I step into my office as the April sun starts making its presence felt. It has been a delightful roller coaster ride these last two years for my services company, but the cash flow cycle has been the toughest challenge to check. We have always had receivable delays and purchases exceeding expenses for months on end- thus burning into our capital. It won’t be long before the reserves dry out and we live hand to mouth. Do the increasing popularity and happier customers mean anything to the ruthless struggle for existence?

This might seem like a story of a small business gasping for breath. We live in interesting times where there are multiple parameters to gauge how your business is performing. Initiatives revolving around customer service and social media might often project an entirely different scenario as compared to the P&L statements. Fortunately, that keeps the entrepreneur’s head above the water and helps him keep his hopes alive. It is plain silly giving up on yourself and your business purely because it doesn't perform financially, because it always has the potential to. That’s where hard work and pragmatism comes in.
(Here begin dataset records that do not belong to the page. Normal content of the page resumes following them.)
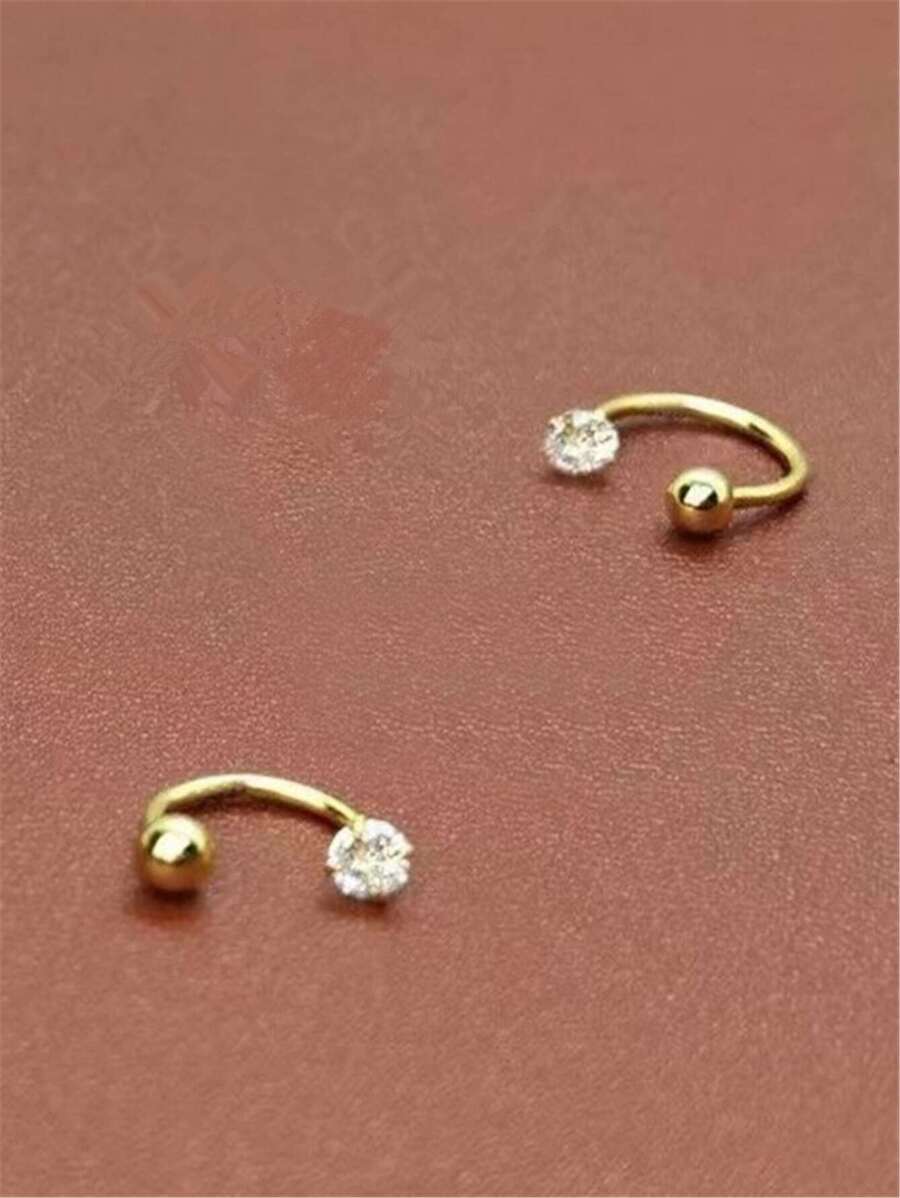زوج من أقراط (مسمار) ستانلس ستيل بمكعب زركونيا — 2 قطعة أنثوية أنيقة
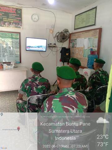 Asahan | Dalam rangka memperingati Hari Lahir Pancasila, Komandan Koramil (Danramil) 13/Buntu Pane Kapten Inf Mulyanto bersama para Babinsanya jajaran Kodim 0208/Asahan turut serta mengikuti kegiatan upacara secara virtual Peringatan Hari Lahir Pancasila 2022 dengan Tema Bangkit Bersama Membangun Peradaban Dunia, kegiatan tersebut yang dilaksanakan bertempat di Kantor Koramil 13/Buntu Pane Desa Sei Silau Timur Kecamatan Buntu Pane Kabupaten Asahan, Rabu (01/06/2022).
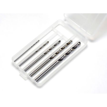 This is a 5-piece drill bit set used for various modeling applications. Combined with electric handy drills or precision pin vises they can be used to drill holes. The material on these drill bits are high-quality with a sharp cutting edge and provide long life.
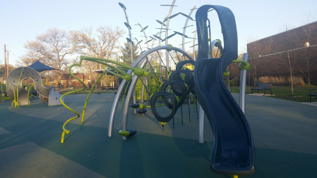 Christina’s notes: This is one of only two playgrounds on the list with a parking lot. And, as Monty mentioned, it has four pieces of outdoor exercise equipment by HealthBeat.

It was 6 months back, when our war chest was flush with funds with the investor who had recently stepped in. We invested in new marketing material, upgraded all the infrastructure and carved out a new identity. Business was running as usual and we wrote cheques as if a grander tomorrow was certain. Checking if we were burning money never crossed my mind, everything was going so well. Big customers, bigger media features and the world adored us (still does).
‘Coolness’ galore.

Rushing water in a pipe is a welcome scenario, and your delighted self might pay least attention to small leaks because they are of little consequence then. Rushing water means wealth, and you’d be prancing around directing its flow, watering the right plants and doing away with settled dirt. The leaks exist, the weak pipe joints squeak every now and then but rushing water captures your imagination.

Then suddenly, the flow stops, and it is beyond your control. The only thing you can do is to look at the pipeline lying dry. There are spurts of water that comes in every now and then, but the weak joints and the leaks halve the flow down. You now realize how serious the situation is, when every drop is important for your very existence.

Brushing exhaustion off my brows, I have a word with a couple of my managers resolving to understand how the entire business cycle is functioning. It was something I had ignored in my obsession with my service offering, but it was high time to know how things run in order to fix the situation. I realized that due to certain gaps in our communication, customers didn’t find it convenient to pay immediately and took their own time. There were loopholes in the way petty cash on the field was handled and there were methods (which we were not employing) to check excess expenditure. Damn, why had I not inspected the pipeline before? Better late than never, right?

This is when you sit down on your haunches, in the good old earth you stood on all this while, and fix the darn pipe with your bare hands. This is when you bring out the tools, blow the dust away, understand your pipe from all aspects and fix the darn thing. You ensure that it saves every drop, you ensure that the system is now tight. And as you walk towards the source of the flow aiming to fix that too, relieved lies the head that sports the crown.